Die Idee einer Europäischen Kulturhauptstadt muss man eher als Chance begreifen, um die Kultur, aber auch andere Schlüsselfelder deutlich zu stärken. In der Region Stuttgart sind das weitreichende Veränderungen hin zu einer nachhaltigen Mobilität. Wir müssen die Energiewende erfolgreich gestalten, zudem gibt es atemberaubende Veränderungen im IT-Sektor. Als Vorsitzender der Kulturregion möchte ich ein solches Projekt mit voranbringen, wenn die Kräfte in Politik, Wirtschaft, Kultur und Gesellschaft darin eine Chance sehen. Aber ich muss auch darauf hinweisen, dass mit Blick auf einen notwendigen breiten Dialog und eine ambitionierte Vorbereitungsphase für eine mögliche Bewerbung nicht mehr viel Zeit verbleibt. Die Gefahr besteht, dass sich die Frage allein schon durch den Zeitablauf erledigt.
Offenbar rennen Sie keine offenen Türen ein. Überrascht Sie dieser Widerstand?
Natürlich nehme ich wahr, dass man in der Landeshauptstadt mit sich ringt. Nicht zuletzt wegen des großen Finanzierungsbedarfs für die Staatsoper. Das kann ich einerseits gut nachvollziehen. Wir haben heute schon ein beachtliches Renommee in der Kultur und sind auf wichtigen Feldern der Innovation bedeutende Schritte vorangekommen. Aber die entscheidende Frage ist, ob wir die unglaublichen Stärken, die wir hier nicht nur in der Kultur, sondern auch in der Technologie, in der Wissenschaft, in der Architektur, in der Kreativwirtschaft und auf anderen Feldern vorfinden, schon optimal ausgespielt haben. Das ist sicher nicht der Fall. Hier können und müssen wir noch mehr tun.

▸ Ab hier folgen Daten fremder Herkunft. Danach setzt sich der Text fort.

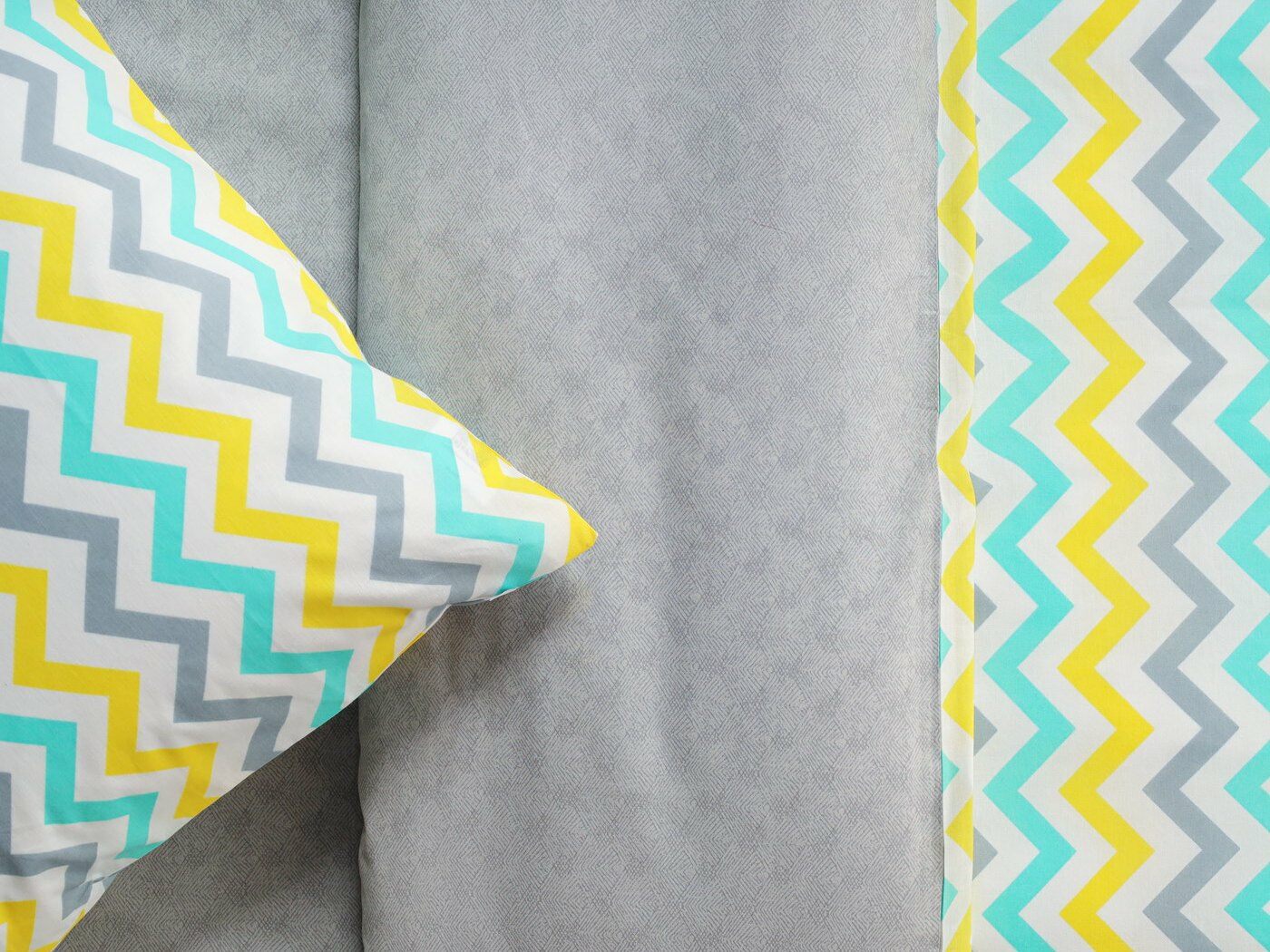Пододеяльник –двусторонний: верх из ткани А (принтованная ткань), обратка из ткани В (однотонная рогожка), с потайной молнией.

Sie haben einen guten Draht zu Jürgen Walter, der Kulturstaatssekretär und Parteigenosse von Herrn Kuhn ist. Wen haben Sie denn auf Ihrer Seite?

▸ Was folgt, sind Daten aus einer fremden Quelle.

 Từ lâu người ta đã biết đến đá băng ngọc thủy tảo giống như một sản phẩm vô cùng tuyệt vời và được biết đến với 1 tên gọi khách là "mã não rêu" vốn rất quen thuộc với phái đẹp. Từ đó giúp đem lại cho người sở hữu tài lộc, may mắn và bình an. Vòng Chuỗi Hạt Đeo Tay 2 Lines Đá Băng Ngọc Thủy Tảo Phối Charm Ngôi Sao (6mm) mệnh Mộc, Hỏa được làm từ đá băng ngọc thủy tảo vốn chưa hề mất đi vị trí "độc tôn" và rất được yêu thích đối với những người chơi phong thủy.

Natürlich ist in der Landesregierung bekannt, dass Mannheim sich seit vielen Jahren gezielt vorbereitet. Aber in Gesprächen mit Herrn Walter oder auch der Wissenschaftsministerin Theresia Bauer habe ich den Eindruck gewonnen, dass man einer möglichen Bewerbung der Region Stuttgart offen gegenübersteht.
Muss das Land auf jeden Fall für die Idee gewonnen werden?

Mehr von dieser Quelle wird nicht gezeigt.